Adversa’s recommendations are practical. Redirect $HOME during agent execution so secrets in dotfiles and credential directories are outside the agent’s reach even if a destructive command runs. Disable auto-yes flags, particularly in CI pipelines where auto-execution is most common and the blast radius is largest. Gate multi-line generated scripts on out-of-band review rather than inline approval prompts. Do not run agents against fork pull requests on CI runners.

The structural fix is implementing what Continue already does. Adversa’s paper provides the reference design. The distance between Continue’s guard architecture and what ten other widely-used agents currently deploy is significant, and none of them have released patches as of this writing.

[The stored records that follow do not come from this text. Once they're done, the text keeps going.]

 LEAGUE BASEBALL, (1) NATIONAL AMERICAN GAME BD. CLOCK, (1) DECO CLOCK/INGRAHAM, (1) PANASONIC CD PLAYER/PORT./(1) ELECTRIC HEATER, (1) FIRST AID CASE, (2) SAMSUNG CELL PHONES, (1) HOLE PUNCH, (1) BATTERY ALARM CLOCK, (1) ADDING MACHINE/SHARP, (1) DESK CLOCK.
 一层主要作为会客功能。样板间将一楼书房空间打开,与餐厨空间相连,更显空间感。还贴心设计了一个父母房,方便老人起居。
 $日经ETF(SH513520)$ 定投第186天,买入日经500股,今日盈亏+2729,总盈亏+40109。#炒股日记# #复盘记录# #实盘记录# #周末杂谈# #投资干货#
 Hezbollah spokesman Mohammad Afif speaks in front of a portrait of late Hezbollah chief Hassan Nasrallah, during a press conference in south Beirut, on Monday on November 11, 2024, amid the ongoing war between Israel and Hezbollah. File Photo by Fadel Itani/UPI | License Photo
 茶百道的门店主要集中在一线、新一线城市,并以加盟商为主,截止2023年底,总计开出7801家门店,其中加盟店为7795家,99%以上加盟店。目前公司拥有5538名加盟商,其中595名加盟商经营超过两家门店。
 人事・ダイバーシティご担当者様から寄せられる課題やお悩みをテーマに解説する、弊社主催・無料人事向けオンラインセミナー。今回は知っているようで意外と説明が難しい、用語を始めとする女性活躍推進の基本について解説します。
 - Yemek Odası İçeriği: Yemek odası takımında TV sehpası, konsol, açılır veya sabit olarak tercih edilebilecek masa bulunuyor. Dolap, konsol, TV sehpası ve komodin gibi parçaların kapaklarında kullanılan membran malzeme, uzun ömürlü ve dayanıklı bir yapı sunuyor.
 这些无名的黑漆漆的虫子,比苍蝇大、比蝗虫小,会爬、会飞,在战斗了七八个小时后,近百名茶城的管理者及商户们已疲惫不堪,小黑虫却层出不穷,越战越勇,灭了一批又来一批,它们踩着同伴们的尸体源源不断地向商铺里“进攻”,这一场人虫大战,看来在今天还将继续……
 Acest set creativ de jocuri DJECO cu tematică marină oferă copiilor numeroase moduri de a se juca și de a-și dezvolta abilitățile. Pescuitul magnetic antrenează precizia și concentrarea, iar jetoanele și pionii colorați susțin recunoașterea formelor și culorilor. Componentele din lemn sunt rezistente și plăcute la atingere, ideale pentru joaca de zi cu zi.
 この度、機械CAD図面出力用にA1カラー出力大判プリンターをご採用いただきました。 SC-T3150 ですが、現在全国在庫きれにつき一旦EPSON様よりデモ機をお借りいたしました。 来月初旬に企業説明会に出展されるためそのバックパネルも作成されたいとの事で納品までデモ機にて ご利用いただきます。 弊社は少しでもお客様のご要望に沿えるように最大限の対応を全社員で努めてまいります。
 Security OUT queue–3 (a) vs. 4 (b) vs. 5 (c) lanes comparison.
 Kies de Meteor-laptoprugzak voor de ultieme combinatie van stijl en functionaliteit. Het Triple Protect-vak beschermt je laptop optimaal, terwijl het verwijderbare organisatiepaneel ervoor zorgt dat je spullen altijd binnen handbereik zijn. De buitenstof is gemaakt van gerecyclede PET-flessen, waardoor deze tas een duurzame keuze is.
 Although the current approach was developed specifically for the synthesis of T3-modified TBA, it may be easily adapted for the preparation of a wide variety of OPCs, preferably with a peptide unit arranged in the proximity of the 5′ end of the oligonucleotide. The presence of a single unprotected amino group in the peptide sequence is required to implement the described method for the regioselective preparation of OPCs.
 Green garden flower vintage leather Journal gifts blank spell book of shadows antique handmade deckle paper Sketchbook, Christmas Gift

Most developers pick AI coding agents based on capability benchmarks, integration support, or IDE compatibility. Shell guard architecture is not in any benchmark. That is the gap this research is trying to close.

References

Frequently Asked Questions

Which AI coding agents are vulnerable to GuardFall attacks?
Adversa AI tested 11 agents representing around 548,000 combined GitHub stars. Ten of them had at least partial exposure: NousResearch Hermes, sst opencode, block Goose, Cline, Roo-Code, Aider, Plandex, Open Interpreter, OpenHands (in local mode), and SWE-agent (in local mode). Only Continue blocked all five bypass classes in the research's test suite of 21 cases.
What are the five GuardFall bypass classes?
Class A uses quote removal (r''m becomes rm after bash strips empty quotes). Class B exploits the Internal Field Separator variable (rm$IFS-rf$IFS/ expands to rm -rf /). Class C uses command substitution to compute binary names at runtime ($(echo rm) -rf /). Class D chains benign commands via Base64 piping (echo <payload> | base64 -d | sh). Class E avoids guarded binaries entirely, using alternative destructive patterns like find / -delete or dd of=/dev/sda that most guards never account for.
Does GuardFall have CVEs assigned, and has it been patched?
No CVEs were assigned. Adversa AI describes GuardFall as a class of architectural problems rather than discrete patchable bugs. Only Continue implements the five-component guard design (tokenisation, variable expansion detection, command substitution evaluation, pipe destination checking, and an explicit destructive pattern list) that blocked all test cases. The other agents have not released patches as of this writing.